ACTIVITY —
Nothing but the pictures should be left out when the entries below are duplicated.

------------------------------------------------------------------------

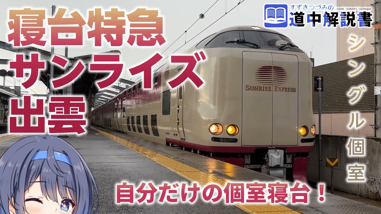 <span style="font-size: 16px;"><strong>自分だけの個室寝台で12時間!</strong></span><br><br>東京駅から出雲市駅まで12時間、寝台特急「サンライズ出雲」号のご紹介です!<br>自分だけの個室寝台のある特別感を味わってきました!<br><br>X(Twitter): <a href="https://x.com/AyuToise" target="_blank" rel="noopener nofollow">https://x.com/AyuToise</a> <br>YouTube: <a href="https://www.youtube.com/@AyuToise" target="_blank" rel="noopener nofollow">https://www.youtube.com/@AyuToise</a><br><br>【出演】 <br>すずきつづみ (CeVIO AI) <br><br>【立ち絵】 <br>pikao 様 (すずきつづみ) <br><a href="https://seiga.nicovideo.jp/seiga/im11076184" target="_blank" rel="noopener nofollow">https://seiga.nicovideo.jp/seiga/im11076184</a> <br><br>【BGM】 <br>騒音のない世界(beco) 様 <br><a href="https://noiselessworld.net/" target="_blank" rel="noopener nofollow">https://noiselessworld.net/</a> <br><br>【紹介した交通機関】 <br>サンライズ出雲(JR西日本・東日本・東海)<br><br>【地図素材】 <br>出典:国土地理院ウェブサイト(<a href="https://maps.gsi.go.jp/" target="_blank" rel="noopener nofollow">https://maps.gsi.go.jp/</a> )を基に、あゆとす本人が作成 <br><br>【航空写真】 <br>出典:国土地理院ウェブサイト<br><br>【特記していない素材】 <br>特記していない素材はあゆとすが撮影・作成したものです。 <br><br>※動画内の情報は十分精査しておりますが、誤りを含む場合があります。 <br>(すずきつづみの道中解説書 #18)<br>
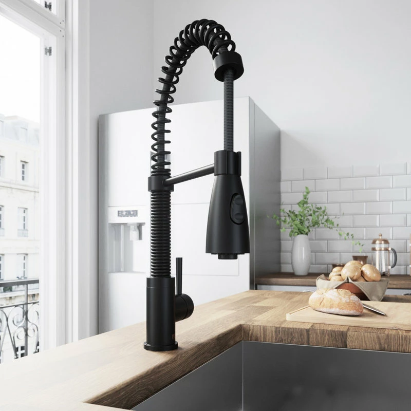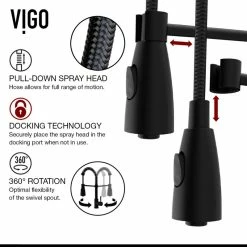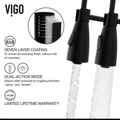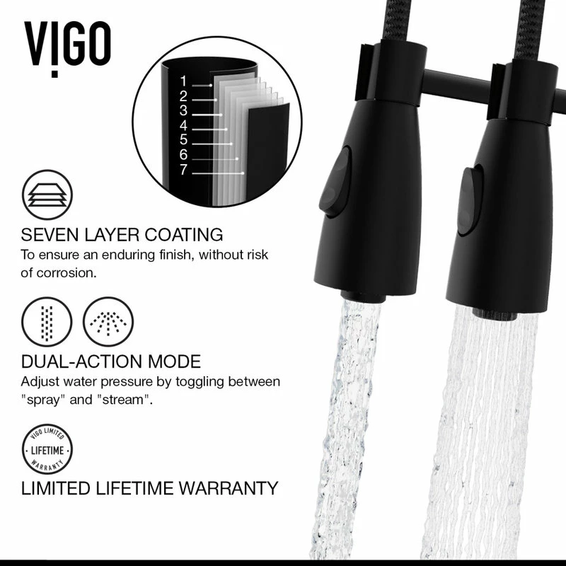 Engineering excellence meets creative hardware in the VIGO Brant Pull-Down Spray Kitchen Faucet. The dual-function, pull-down spray head allows for either a powerful spray or an aerated flow, making it exceptionally versatile for any use. The pull-down extendable hose reaches 30 inches long, keeping the faucet easy to use and maneuver. The spray head has 360-degree swivel capabilities for all-around ease of use. This faucet pairs well with any undermount or farmhouse kitchen sink. With top-of-the-line hardware and backed by an exceptional warranty, the Brant is the epitome of simplicity done with style.
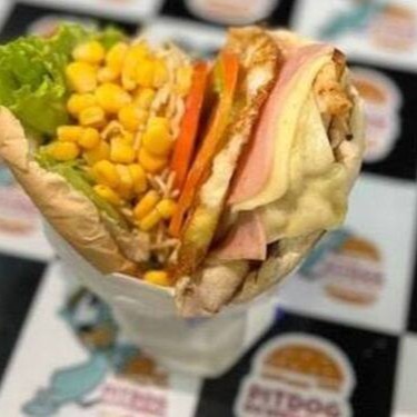 Pão , 2 frango , 2 mussarela , 2 presunto, 2 bacon, 2 ovo, 2 salsicha , alface, tomate , milho e batata.
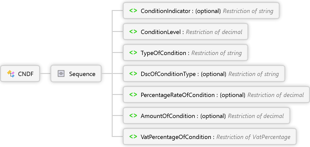 <xs:complexTypename="CNDF"xmlns:xs="http://www.w3.org/2001/XMLSchema"><xs:annotation><xs:documentationxml:lang="de">Segment für Konditionen zu einem Beleg </xs:documentation><xs:documentationxml:lang="en">Segment for conditions for the complete document </xs:documentation></xs:annotation><xs:sequence><xs:elementname="ConditionIndicator"minOccurs="0"><xs:annotation><xs:documentationxml:lang="de"><dl><dt>Konditionskennzeichen</dt><dt>A = Abschlag</dt><dt>C = ZUschlag</dt></dl></xs:documentation><xs:documentationxml:lang="en"><dl><dt>Condition Indicator</dt><dt>A = Allowence</dt><dt>C = Charge</dt></dl></xs:documentation></xs:annotation><xs:simpleType><xs:restrictionbase="xs:string"><xs:maxLengthvalue="3"/></xs:restriction></xs:simpleType></xs:element><xs:elementname="ConditionLevel"><xs:annotation><xs:documentationxml:lang="de"><dl><dt>Konditionsstufe</dt><dt>Reihenfolge in der die Konditionen angewendet werden</dt><dt>1 = Anwendung auf den Basisbetrag</dt><dt>2 = Awendung auf den durch 1 veränderten Basisbetrag</dt><dt>3 = Awendung auf den durch 2 veränderten Betrag</dt><dt>etc.</dt></dl></xs:documentation><xs:documentationxml:lang="de"><dl><dt>Condition levele</dt><dt>Sequence of calculation</dt></dl></xs:documentation></xs:annotation><xs:simpleType><xs:restrictionbase="xs:decimal"><xs:totalDigitsvalue="3"/></xs:restriction></xs:simpleType></xs:element><xs:elementname="TypeOfCondition"><xs:annotation><xs:documentationxml:lang="de"><dl><dt>Konditionsart</dt><dt>DI = Rabattt</dt><dt>FC = Frachtkosten</dt><dt>IN = Versicherung</dt><dt>PC = Verpacken, Handlingskosten</dt></dl></xs:documentation><xs:documentationxml:lang="en"><dl><dt>Type of conditiont</dt><dt>DI = Rebate</dt><dt>FC = Freight Cost</dt><dt>IN = Insurance</dt><dt>PC = Handling costs</dt></dl></xs:documentation></xs:annotation><xs:simpleType><xs:restrictionbase="xs:string"><xs:maxLengthvalue="3"/></xs:restriction></xs:simpleType></xs:element><xs:elementname="DscOfConditionType"minOccurs="0"><xs:annotation><xs:documentationxml:lang="de">Textliche Beschreibun der Kondition </xs:documentation><xs:documentationxml:lang="en">Description of the condition </xs:documentation></xs:annotation><xs:simpleType><xs:restrictionbase="xs:string"><xs:maxLengthvalue="35"/></xs:restriction></xs:simpleType></xs:element><xs:elementname="PercentageRateOfCondition"minOccurs="0"><xs:annotation><xs:documentationxml:lang="de">Prozentsatz der Kondition </xs:documentation><xs:documentationxml:lang="en">Percentage value of the condition </xs:documentation></xs:annotation><xs:simpleType><xs:restrictionbase="xs:decimal"><xs:totalDigitsvalue="10"/></xs:restriction></xs:simpleType></xs:element><xs:elementname="AmountOfCondition"minOccurs="0"><xs:annotation><xs:documentationxml:lang="de">Betrag der Kondition </xs:documentation><xs:documentationxml:lang="en">Amount value of the condition </xs:documentation></xs:annotation><xs:simpleType><xs:restrictionbase="xs:decimal"><xs:totalDigitsvalue="15"/></xs:restriction></xs:simpleType></xs:element><xs:elementname="VatPercentageOfCondition"type="VatPercentage"minOccurs="1"><xs:annotation><xs:documentationxml:lang="de">Steuersatz der Kondition </xs:documentation><xs:documentationxml:lang="en">Vat of the condition </xs:documentation></xs:annotation></xs:element></xs:sequence></xs:complexType>
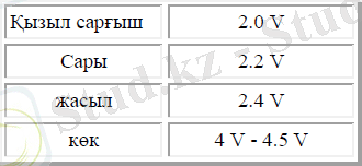 Жарық диодтары. LED (жарық Диоды) әртүрлі түсте қолданылады. Қызыл, жасыл және сары түстер жиі қолданылады. Әсіресе олар автомобилдерде жиі қолданылады (бақылау шамдарында және фарларында) . Қазіргі кезде көк LED жиі қолданыла бастады. Көзге көрінетін LEDтен басқада адамның көзіне көрінбейтін инфрақызыл диапазонында жұмыс істейтін LED болады.
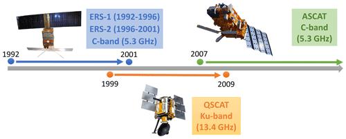 11. A global long-term, high-resolution satellite radar backscatter data record (1992–2022+): merging C-band ERS/ASCAT and Ku-band QSCAT.
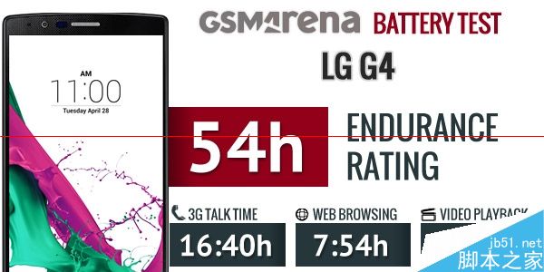 在屏幕亮度为50%的情况下,LG G4的网页浏览时间为7小时54分钟,强于G3,和Nexus 6差不多。
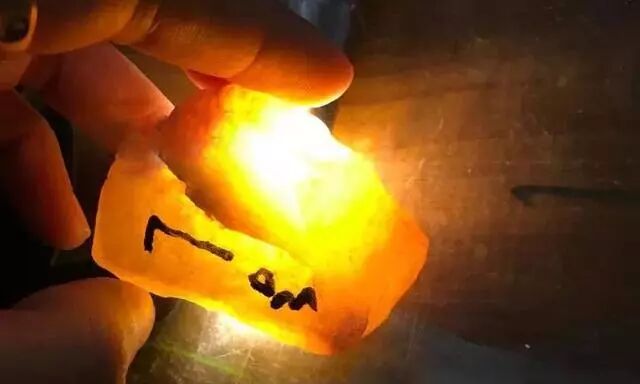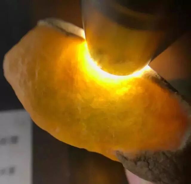 开窗:这块料子无论种水、翻砂、皮壳外表现都非常的好,可定为是一块品质上乘的翡翠原石,橘黄色或者蜜糖色的黄翡,颜色不仅漂亮诱人,更透着自古以来那浩浩汤汤的尊贵之气。所以,质优水好的黄翡很有收藏价值。
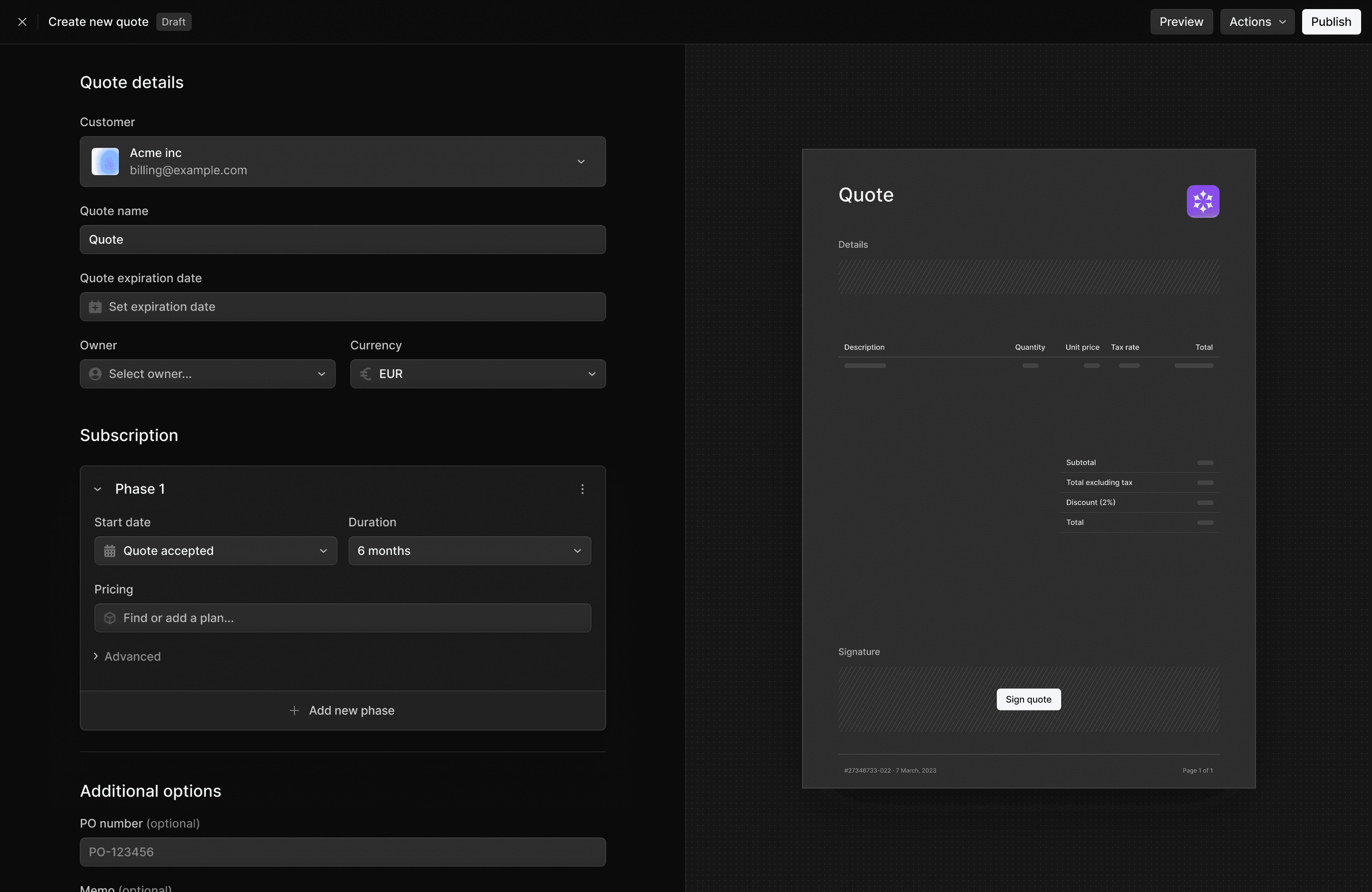 Personnalize pre-existing pricing components and discounts to generate custom quotes in seconds. Meteroid makes it easy to capture complex pricing models (tiered pricing, usage thresholds or bundles features) directly in the quote.

------------------------------------------------------------------------

REPLY —
 <span style="font-size: 16px;"><strong>自分だけの個室寝台で12時間!</strong></span><br><br>東京駅から出雲市駅まで12時間、寝台特急「サンライズ出雲」号のご紹介です!<br>自分だけの個室寝台のある特別感を味わってきました!<br><br>X(Twitter): <a href="https://x.com/AyuToise" target="_blank" rel="noopener nofollow">https://x.com/AyuToise</a> <br>YouTube: <a href="https://www.youtube.com/@AyuToise" target="_blank" rel="noopener nofollow">https://www.youtube.com/@AyuToise</a><br><br>【出演】 <br>すずきつづみ (CeVIO AI) <br><br>【立ち絵】 <br>pikao 様 (すずきつづみ) <br><a href="https://seiga.nicovideo.jp/seiga/im11076184" target="_blank" rel="noopener nofollow">https://seiga.nicovideo.jp/seiga/im11076184</a> <br><br>【BGM】 <br>騒音のない世界(beco) 様 <br><a href="https://noiselessworld.net/" target="_blank" rel="noopener nofollow">https://noiselessworld.net/</a> <br><br>【紹介した交通機関】 <br>サンライズ出雲(JR西日本・東日本・東海)<br><br>【地図素材】 <br>出典:国土地理院ウェブサイト(<a href="https://maps.gsi.go.jp/" target="_blank" rel="noopener nofollow">https://maps.gsi.go.jp/</a> )を基に、あゆとす本人が作成 <br><br>【航空写真】 <br>出典:国土地理院ウェブサイト<br><br>【特記していない素材】 <br>特記していない素材はあゆとすが撮影・作成したものです。 <br><br>※動画内の情報は十分精査しておりますが、誤りを含む場合があります。 <br>(すずきつづみの道中解説書 #18)<br>
 Engineering excellence meets creative hardware in the VIGO Brant Pull-Down Spray Kitchen Faucet. The dual-function, pull-down spray head allows for either a powerful spray or an aerated flow, making it exceptionally versatile for any use. The pull-down extendable hose reaches 30 inches long, keeping the faucet easy to use and maneuver. The spray head has 360-degree swivel capabilities for all-around ease of use. This faucet pairs well with any undermount or farmhouse kitchen sink. With top-of-the-line hardware and backed by an exceptional warranty, the Brant is the epitome of simplicity done with style.
 Pão , 2 frango , 2 mussarela , 2 presunto, 2 bacon, 2 ovo, 2 salsicha , alface, tomate , milho e batata.
 <xs:complexTypename="CNDF"xmlns:xs="http://www.w3.org/2001/XMLSchema"><xs:annotation><xs:documentationxml:lang="de">Segment für Konditionen zu einem Beleg </xs:documentation><xs:documentationxml:lang="en">Segment for conditions for the complete document </xs:documentation></xs:annotation><xs:sequence><xs:elementname="ConditionIndicator"minOccurs="0"><xs:annotation><xs:documentationxml:lang="de"><dl><dt>Konditionskennzeichen</dt><dt>A = Abschlag</dt><dt>C = ZUschlag</dt></dl></xs:documentation><xs:documentationxml:lang="en"><dl><dt>Condition Indicator</dt><dt>A = Allowence</dt><dt>C = Charge</dt></dl></xs:documentation></xs:annotation><xs:simpleType><xs:restrictionbase="xs:string"><xs:maxLengthvalue="3"/></xs:restriction></xs:simpleType></xs:element><xs:elementname="ConditionLevel"><xs:annotation><xs:documentationxml:lang="de"><dl><dt>Konditionsstufe</dt><dt>Reihenfolge in der die Konditionen angewendet werden</dt><dt>1 = Anwendung auf den Basisbetrag</dt><dt>2 = Awendung auf den durch 1 veränderten Basisbetrag</dt><dt>3 = Awendung auf den durch 2 veränderten Betrag</dt><dt>etc.</dt></dl></xs:documentation><xs:documentationxml:lang="de"><dl><dt>Condition levele</dt><dt>Sequence of calculation</dt></dl></xs:documentation></xs:annotation><xs:simpleType><xs:restrictionbase="xs:decimal"><xs:totalDigitsvalue="3"/></xs:restriction></xs:simpleType></xs:element><xs:elementname="TypeOfCondition"><xs:annotation><xs:documentationxml:lang="de"><dl><dt>Konditionsart</dt><dt>DI = Rabattt</dt><dt>FC = Frachtkosten</dt><dt>IN = Versicherung</dt><dt>PC = Verpacken, Handlingskosten</dt></dl></xs:documentation><xs:documentationxml:lang="en"><dl><dt>Type of conditiont</dt><dt>DI = Rebate</dt><dt>FC = Freight Cost</dt><dt>IN = Insurance</dt><dt>PC = Handling costs</dt></dl></xs:documentation></xs:annotation><xs:simpleType><xs:restrictionbase="xs:string"><xs:maxLengthvalue="3"/></xs:restriction></xs:simpleType></xs:element><xs:elementname="DscOfConditionType"minOccurs="0"><xs:annotation><xs:documentationxml:lang="de">Textliche Beschreibun der Kondition </xs:documentation><xs:documentationxml:lang="en">Description of the condition </xs:documentation></xs:annotation><xs:simpleType><xs:restrictionbase="xs:string"><xs:maxLengthvalue="35"/></xs:restriction></xs:simpleType></xs:element><xs:elementname="PercentageRateOfCondition"minOccurs="0"><xs:annotation><xs:documentationxml:lang="de">Prozentsatz der Kondition </xs:documentation><xs:documentationxml:lang="en">Percentage value of the condition </xs:documentation></xs:annotation><xs:simpleType><xs:restrictionbase="xs:decimal"><xs:totalDigitsvalue="10"/></xs:restriction></xs:simpleType></xs:element><xs:elementname="AmountOfCondition"minOccurs="0"><xs:annotation><xs:documentationxml:lang="de">Betrag der Kondition </xs:documentation><xs:documentationxml:lang="en">Amount value of the condition </xs:documentation></xs:annotation><xs:simpleType><xs:restrictionbase="xs:decimal"><xs:totalDigitsvalue="15"/></xs:restriction></xs:simpleType></xs:element><xs:elementname="VatPercentageOfCondition"type="VatPercentage"minOccurs="1"><xs:annotation><xs:documentationxml:lang="de">Steuersatz der Kondition </xs:documentation><xs:documentationxml:lang="en">Vat of the condition </xs:documentation></xs:annotation></xs:element></xs:sequence></xs:complexType>
 Жарық диодтары. LED (жарық Диоды) әртүрлі түсте қолданылады. Қызыл, жасыл және сары түстер жиі қолданылады. Әсіресе олар автомобилдерде жиі қолданылады (бақылау шамдарында және фарларында) . Қазіргі кезде көк LED жиі қолданыла бастады. Көзге көрінетін LEDтен басқада адамның көзіне көрінбейтін инфрақызыл диапазонында жұмыс істейтін LED болады.
 11. A global long-term, high-resolution satellite radar backscatter data record (1992–2022+): merging C-band ERS/ASCAT and Ku-band QSCAT.
 在屏幕亮度为50%的情况下,LG G4的网页浏览时间为7小时54分钟,强于G3,和Nexus 6差不多。
 开窗:这块料子无论种水、翻砂、皮壳外表现都非常的好,可定为是一块品质上乘的翡翠原石,橘黄色或者蜜糖色的黄翡,颜色不仅漂亮诱人,更透着自古以来那浩浩汤汤的尊贵之气。所以,质优水好的黄翡很有收藏价值。
 Personnalize pre-existing pricing components and discounts to generate custom quotes in seconds. Meteroid makes it easy to capture complex pricing models (tiered pricing, usage thresholds or bundles features) directly in the quote.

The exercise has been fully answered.